HOW TO COMPLETE THIS TASK — Which lines of the data below hold "sich"? Copy each of them.

Saved data entries —
————————
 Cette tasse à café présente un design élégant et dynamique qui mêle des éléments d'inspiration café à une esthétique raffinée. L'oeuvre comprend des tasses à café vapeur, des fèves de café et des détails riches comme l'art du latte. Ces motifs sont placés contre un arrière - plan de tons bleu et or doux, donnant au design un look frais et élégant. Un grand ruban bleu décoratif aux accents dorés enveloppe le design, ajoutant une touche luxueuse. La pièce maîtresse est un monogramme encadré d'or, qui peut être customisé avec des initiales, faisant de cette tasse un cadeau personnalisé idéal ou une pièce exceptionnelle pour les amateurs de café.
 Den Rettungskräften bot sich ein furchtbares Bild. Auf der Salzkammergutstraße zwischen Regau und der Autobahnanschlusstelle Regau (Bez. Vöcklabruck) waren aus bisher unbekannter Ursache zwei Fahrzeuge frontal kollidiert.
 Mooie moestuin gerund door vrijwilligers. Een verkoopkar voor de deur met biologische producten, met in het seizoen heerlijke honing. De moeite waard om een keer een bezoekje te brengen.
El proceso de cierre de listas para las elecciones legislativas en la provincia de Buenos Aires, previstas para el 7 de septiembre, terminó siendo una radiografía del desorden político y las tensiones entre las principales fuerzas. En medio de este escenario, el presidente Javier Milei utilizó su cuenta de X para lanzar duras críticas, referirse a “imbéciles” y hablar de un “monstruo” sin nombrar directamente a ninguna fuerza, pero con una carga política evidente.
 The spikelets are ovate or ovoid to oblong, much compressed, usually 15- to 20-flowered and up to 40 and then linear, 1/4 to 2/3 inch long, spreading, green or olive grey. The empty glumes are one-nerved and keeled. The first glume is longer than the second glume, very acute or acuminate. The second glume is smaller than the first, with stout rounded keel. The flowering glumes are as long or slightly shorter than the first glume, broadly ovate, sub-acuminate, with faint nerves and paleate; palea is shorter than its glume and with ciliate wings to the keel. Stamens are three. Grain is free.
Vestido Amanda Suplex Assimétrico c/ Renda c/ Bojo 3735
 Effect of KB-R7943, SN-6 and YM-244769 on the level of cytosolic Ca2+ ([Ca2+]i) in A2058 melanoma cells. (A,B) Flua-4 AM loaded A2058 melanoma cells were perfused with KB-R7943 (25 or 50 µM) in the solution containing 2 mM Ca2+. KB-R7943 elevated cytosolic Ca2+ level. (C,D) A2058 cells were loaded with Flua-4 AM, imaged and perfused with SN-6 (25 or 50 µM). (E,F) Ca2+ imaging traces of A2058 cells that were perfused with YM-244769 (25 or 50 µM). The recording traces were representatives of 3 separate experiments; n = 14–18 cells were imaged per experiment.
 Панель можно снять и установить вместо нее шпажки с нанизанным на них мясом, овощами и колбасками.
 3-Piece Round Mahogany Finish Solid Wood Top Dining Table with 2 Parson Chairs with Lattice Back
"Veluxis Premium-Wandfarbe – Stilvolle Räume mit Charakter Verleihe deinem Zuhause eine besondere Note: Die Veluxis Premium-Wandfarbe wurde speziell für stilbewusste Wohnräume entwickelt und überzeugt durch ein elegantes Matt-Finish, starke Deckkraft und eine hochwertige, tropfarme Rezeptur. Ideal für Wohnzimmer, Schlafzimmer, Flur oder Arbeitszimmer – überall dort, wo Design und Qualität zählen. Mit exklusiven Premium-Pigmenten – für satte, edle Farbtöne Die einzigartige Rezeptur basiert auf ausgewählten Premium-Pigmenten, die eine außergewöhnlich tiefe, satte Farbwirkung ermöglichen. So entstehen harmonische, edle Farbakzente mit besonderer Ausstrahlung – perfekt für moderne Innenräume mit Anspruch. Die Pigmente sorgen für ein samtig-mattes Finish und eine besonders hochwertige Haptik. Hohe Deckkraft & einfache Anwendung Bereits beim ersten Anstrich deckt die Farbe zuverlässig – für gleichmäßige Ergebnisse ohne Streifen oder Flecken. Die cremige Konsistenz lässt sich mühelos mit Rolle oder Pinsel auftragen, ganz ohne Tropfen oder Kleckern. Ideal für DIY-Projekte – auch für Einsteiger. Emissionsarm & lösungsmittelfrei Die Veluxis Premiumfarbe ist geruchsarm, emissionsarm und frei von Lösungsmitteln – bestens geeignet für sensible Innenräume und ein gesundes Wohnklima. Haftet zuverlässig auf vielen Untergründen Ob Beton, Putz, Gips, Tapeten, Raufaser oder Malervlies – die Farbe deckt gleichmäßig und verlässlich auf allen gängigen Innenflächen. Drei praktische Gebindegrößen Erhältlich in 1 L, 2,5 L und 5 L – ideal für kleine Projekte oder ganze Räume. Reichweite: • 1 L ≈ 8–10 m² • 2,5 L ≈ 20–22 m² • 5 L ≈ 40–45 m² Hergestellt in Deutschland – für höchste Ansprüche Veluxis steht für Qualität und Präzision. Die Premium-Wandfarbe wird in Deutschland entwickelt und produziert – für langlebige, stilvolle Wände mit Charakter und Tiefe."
————————
RESPONSE —
 Den Rettungskräften bot sich ein furchtbares Bild. Auf der Salzkammergutstraße zwischen Regau und der Autobahnanschlusstelle Regau (Bez. Vöcklabruck) waren aus bisher unbekannter Ursache zwei Fahrzeuge frontal kollidiert.
"Veluxis Premium-Wandfarbe – Stilvolle Räume mit Charakter Verleihe deinem Zuhause eine besondere Note: Die Veluxis Premium-Wandfarbe wurde speziell für stilbewusste Wohnräume entwickelt und überzeugt durch ein elegantes Matt-Finish, starke Deckkraft und eine hochwertige, tropfarme Rezeptur. Ideal für Wohnzimmer, Schlafzimmer, Flur oder Arbeitszimmer – überall dort, wo Design und Qualität zählen. Mit exklusiven Premium-Pigmenten – für satte, edle Farbtöne Die einzigartige Rezeptur basiert auf ausgewählten Premium-Pigmenten, die eine außergewöhnlich tiefe, satte Farbwirkung ermöglichen. So entstehen harmonische, edle Farbakzente mit besonderer Ausstrahlung – perfekt für moderne Innenräume mit Anspruch. Die Pigmente sorgen für ein samtig-mattes Finish und eine besonders hochwertige Haptik. Hohe Deckkraft & einfache Anwendung Bereits beim ersten Anstrich deckt die Farbe zuverlässig – für gleichmäßige Ergebnisse ohne Streifen oder Flecken. Die cremige Konsistenz lässt sich mühelos mit Rolle oder Pinsel auftragen, ganz ohne Tropfen oder Kleckern. Ideal für DIY-Projekte – auch für Einsteiger. Emissionsarm & lösungsmittelfrei Die Veluxis Premiumfarbe ist geruchsarm, emissionsarm und frei von Lösungsmitteln – bestens geeignet für sensible Innenräume und ein gesundes Wohnklima. Haftet zuverlässig auf vielen Untergründen Ob Beton, Putz, Gips, Tapeten, Raufaser oder Malervlies – die Farbe deckt gleichmäßig und verlässlich auf allen gängigen Innenflächen. Drei praktische Gebindegrößen Erhältlich in 1 L, 2,5 L und 5 L – ideal für kleine Projekte oder ganze Räume. Reichweite: • 1 L ≈ 8–10 m² • 2,5 L ≈ 20–22 m² • 5 L ≈ 40–45 m² Hergestellt in Deutschland – für höchste Ansprüche Veluxis steht für Qualität und Präzision. Die Premium-Wandfarbe wird in Deutschland entwickelt und produziert – für langlebige, stilvolle Wände mit Charakter und Tiefe."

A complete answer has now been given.